We disagree with the sentence "the model’s improvement seems to stem from the ReasonAQA data ... through training with higher-quality data." First, high-quality data is indeed important, and we believe ReasonAQA is a valid, novel contribution to the field, particularly since AQA datasets are currently very limited. Second, data is only one factor contributing to model performance. For example, Pengi -- the only small ALM in the literature -- achieves 3.40 on the MMAU benchmark.

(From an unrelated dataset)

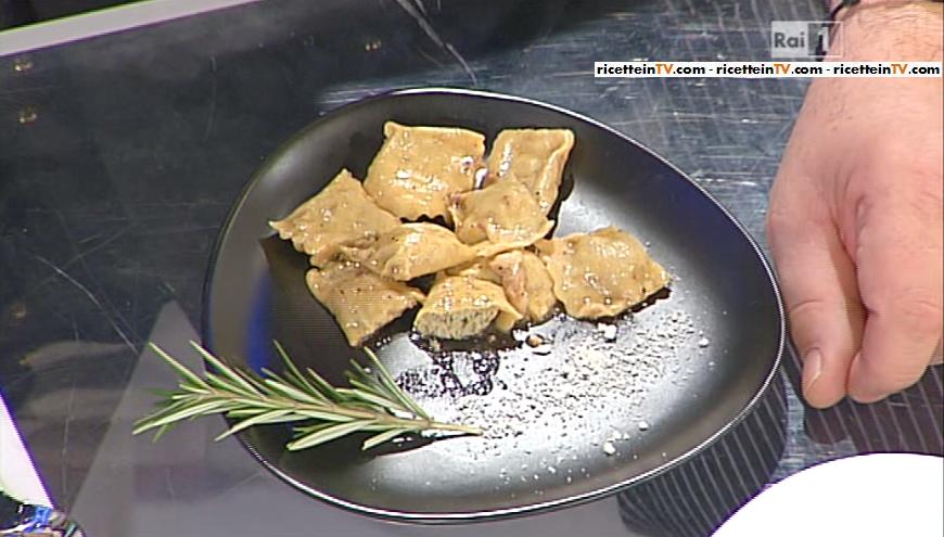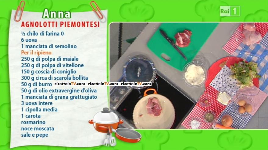 Anna, invece, fa cuocere in padella la carne mista (vitello, maiale, coniglio) per due ore, con tutti gli odori (salvia, rosmarino, ecc.).Una volta cotta, trita la carne, aggiunge la scarola tritata, parmigiano e uova, quindi amalgama tutto. Per la sfoglia dei ravioli, impasta gli ingredienti indicati nella schermata. Stende la sfoglia, la riempie col composto e chiude con dei pizzichi, formando gli agnolotti che cuoce nell’acqua. Li condisce con il fondo di cottura della carne.

To test the effectiveness of ReasonAQA, we trained a Pengi-like model using ReasonAQA data alone. This model achieves a score of 30.19 on MMAU, as shown in Table 8 (line 3). We then made subsequent improvements to the projection layer, pretraining strategy, SLM fine-tuning, audio encoder, and data augmentation techniques, ultimately reaching an updated score of 48.40 on MMAU. This 18-point absolute improvement is solely due to the architectural and training improvements proposed in the paper.

Does Mellow understand speech? I believe ... speech understanding ability in Mellow also limits its novelty.
We thank the reviewer for requesting clarification. Mellow is not trained on ASR data and therefore cannot perform speech recognition tasks. As a result, its ability to understand conversation-related information is limited. However, this is consistent with prior ALM literature, where models primarily focus on audio and music understanding rather than speech content. For example, Pengi (NeurIPS 23), LTU (ICLR 24), and GAMA (EMNLP 24) are all trained solely on audio and music data, resulting in similarly limited speech understanding capabilities. While conversation-related abilities are desirable, our current work aligns with the existing audio literature and provides sufficient evidence to support the claims being made.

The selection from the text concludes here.